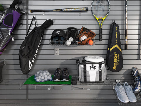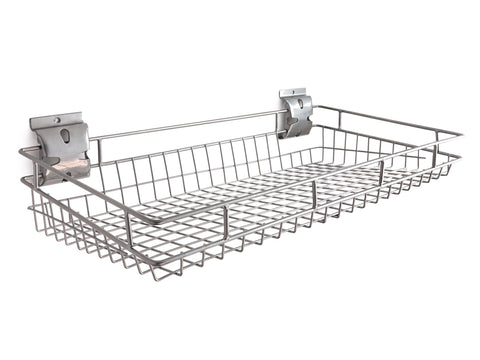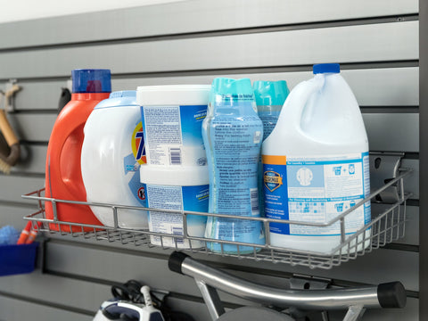 Maximize your slatwall system with NewAge Products Slatwall Accessories. Designed for use with NewAge Products Steel and PVC Slatwall systems, and compatible with most 3 in. on-center slatwall systems, our snap-in Slatwall Accessories are built with steel for extra strength. The powder-coat silver gloss finish looks great in any space and on both silver and black slatwall solutions. With a lip to prevent your items from falling off, the Shallow Basket is ideal for storing cleaning supplies, paint cans, and gardening pots.
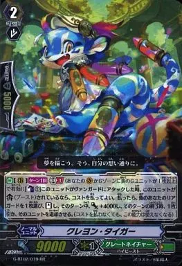Japanese title: ヴァンガード/RR/ノーマルユニット/グレートネイチャー/ヴァンガードG ブースターパック 第2弾「風華天翔」 G-BT02/019[RR]:クレヨン・タイガー
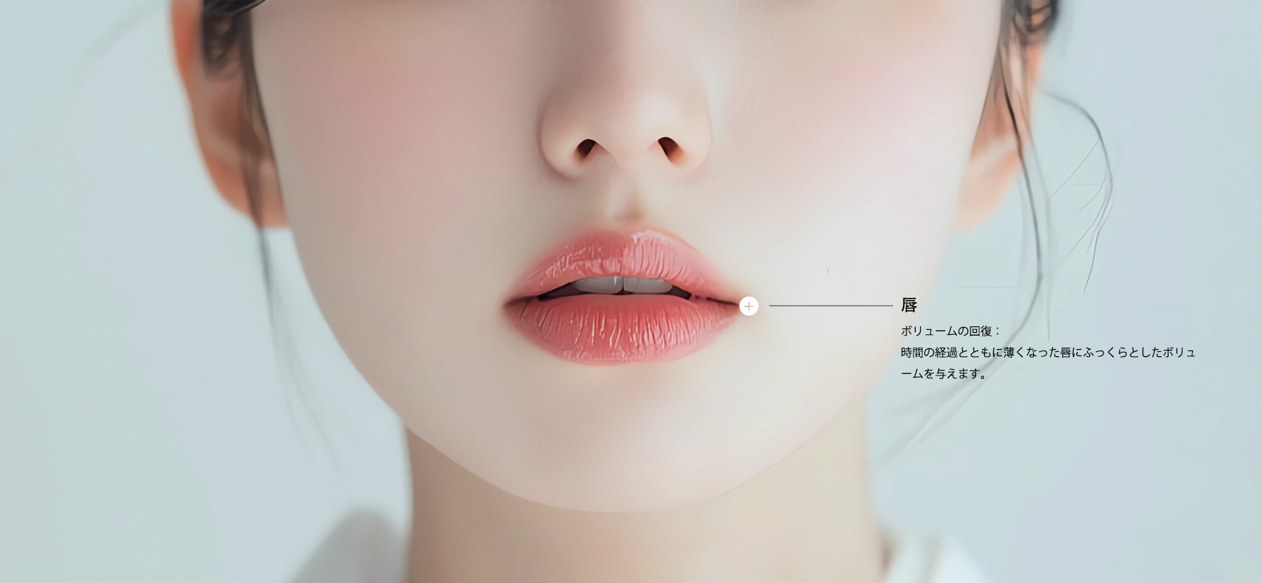 唇にボリューム、立体感、潤いを取り戻すために作られた当院の高度なリップエンハンスメントで、あなたの笑顔に活力を与えましょう。当院のアプローチは、薄くなった唇、縦ジワ、不均一な輪郭などの一般的な問題を対象としています。高品質のヒアルロン酸(HA)フィラーを使用することで、唇の形と膨らみを強化し、快適さを損なうことなく自然で若々しい見た目を提供します。私たちの目標は、あなたの顔立ちを引き立て、全体的な外観を向上させる、美しくはっきりとした唇を作ることです。
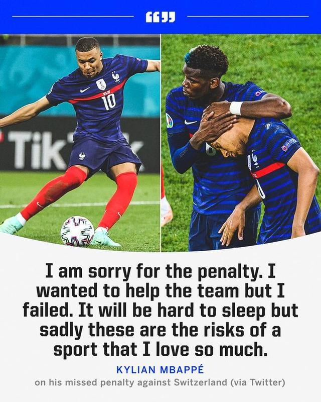 直播车讯 今天凌晨,法国在欧洲杯1/8决赛的点球大战中爆冷遭到瑞士淘汰,罚丢点球的姆巴佩在赛后接受了媒体采访。
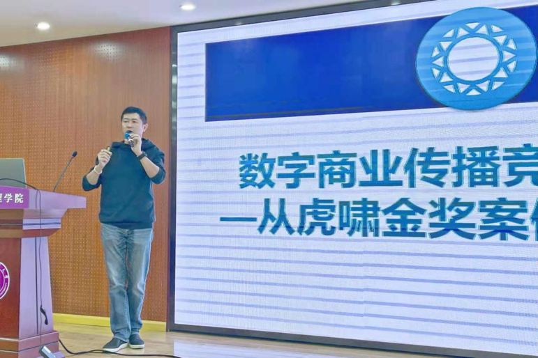 【通讯员 郭佳、胡程立】20201210日,虎啸传媒CEO、《数字营销》杂志主编袁俊先生做客狮子山讲坛,为太阳集团tyc33455广告系师生带来一场别开生面的讲座。讲座的主题为《数字商业传播竞争力解析——从虎啸金奖案例视角说起》,由广告与传播学系副主任胡程立副教授主持。
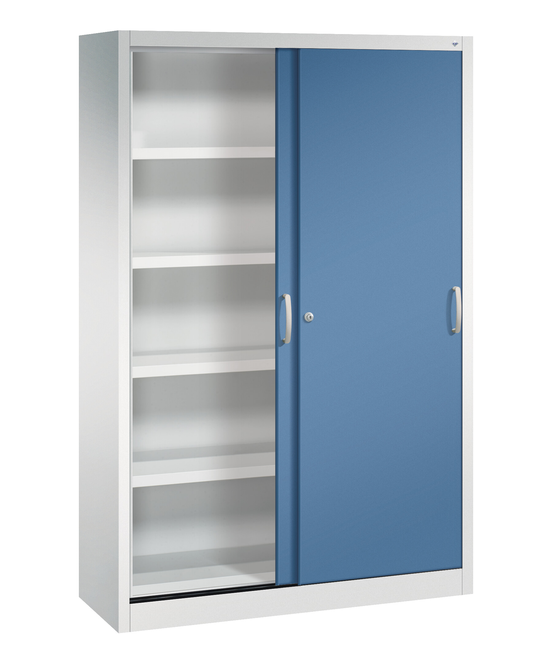 Stahl-Schiebetürenschrank Sport, als Sportgeräteschrank, Korpus aus stabiler Stahlkonstruktion mit hochwertiger Einbrennbeschichtung für hohe UV-Beständigkeit, mit Kunststoffgleitern als praktischer Schrank- und Fußbodenschutz, hohe Flexibilität der Inneneinrichtung durch Höhenverstellbarkeit im 15 mm Raster, Türen verstärkt für hohe Stabilität, leichtgängige Bedienung durch Leichtlaufrollen in spezieller Schienenführung, 2 Ergonomische Bügelgriffe Ergolock aus Metall für einfache Bedienung, matt vernickelt, 4 Einlegeböden aus Stahl, lackiert, mit vorderer Aufkantung als praktische Abrollsicherung und hoher Traglast von 70 kg, 1 Wechselzylinder matt vernickelt mit 2 Schlüsseln, Maße (H x B x T): 1950 x 1200 x 400 mm, Korpus: RAL 7035 Lichtgrau, Türen: RAL 5012 Lichtblau, Inneneinrichtung: RAL 7035 Lichtgrau, Gewicht: 59 kgProduktvorteile:Hohe Flexibilität der Inneneinrichtung durch Verstellbarkeit im 15-mm-RasterHohe Traglast des Einlegebodens von 70 kg für flexible NutzungAbrollsicher durch vordere AufkantungSchiebetüren mit langlebigen Leichtlaufrollen für beste Laufeigenschaften und komfortable BedienungAusführung mit Schiebetüren für reduzierten Flächenbedarf des Schrankes
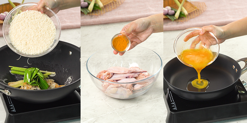 1. Season the chicken wings with salt, turmeric powder, and pepper. Mix well and marinate for an hour. *You may use this time to prepare the omelette.
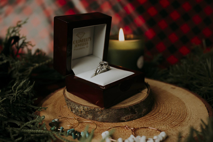 For the final assignment, I decided to shoot a holiday themed scene. I used my wedding ring, my favorite earrings from Mary Janes Gems (a local jeweler who creates gem pieces) and some wrapping paper, a wreath and some fresh pine. Christmas is my favorite time of year, my husband proposed to me on Christmas morning with this Molinelli’s box with a beautiful diamond set inside. The band is from Molinelli’s jewelers in Pocatello, and the wedding ring is from the 1950s, it belonged to my husbands great grandmother and was passed down to him to have.

EXERCISE DIRECTIONS.
Would you restate word for word only the lines from the line with "Stahl-Schiebetürenschrank Sport, als" to the last line above, with the pictures left out?

RESPONSE TO THE EXERCISE.
 Stahl-Schiebetürenschrank Sport, als Sportgeräteschrank, Korpus aus stabiler Stahlkonstruktion mit hochwertiger Einbrennbeschichtung für hohe UV-Beständigkeit, mit Kunststoffgleitern als praktischer Schrank- und Fußbodenschutz, hohe Flexibilität der Inneneinrichtung durch Höhenverstellbarkeit im 15 mm Raster, Türen verstärkt für hohe Stabilität, leichtgängige Bedienung durch Leichtlaufrollen in spezieller Schienenführung, 2 Ergonomische Bügelgriffe Ergolock aus Metall für einfache Bedienung, matt vernickelt, 4 Einlegeböden aus Stahl, lackiert, mit vorderer Aufkantung als praktische Abrollsicherung und hoher Traglast von 70 kg, 1 Wechselzylinder matt vernickelt mit 2 Schlüsseln, Maße (H x B x T): 1950 x 1200 x 400 mm, Korpus: RAL 7035 Lichtgrau, Türen: RAL 5012 Lichtblau, Inneneinrichtung: RAL 7035 Lichtgrau, Gewicht: 59 kgProduktvorteile:Hohe Flexibilität der Inneneinrichtung durch Verstellbarkeit im 15-mm-RasterHohe Traglast des Einlegebodens von 70 kg für flexible NutzungAbrollsicher durch vordere AufkantungSchiebetüren mit langlebigen Leichtlaufrollen für beste Laufeigenschaften und komfortable BedienungAusführung mit Schiebetüren für reduzierten Flächenbedarf des Schrankes
 1. Season the chicken wings with salt, turmeric powder, and pepper. Mix well and marinate for an hour. *You may use this time to prepare the omelette.
 For the final assignment, I decided to shoot a holiday themed scene. I used my wedding ring, my favorite earrings from Mary Janes Gems (a local jeweler who creates gem pieces) and some wrapping paper, a wreath and some fresh pine. Christmas is my favorite time of year, my husband proposed to me on Christmas morning with this Molinelli’s box with a beautiful diamond set inside. The band is from Molinelli’s jewelers in Pocatello, and the wedding ring is from the 1950s, it belonged to my husbands great grandmother and was passed down to him to have.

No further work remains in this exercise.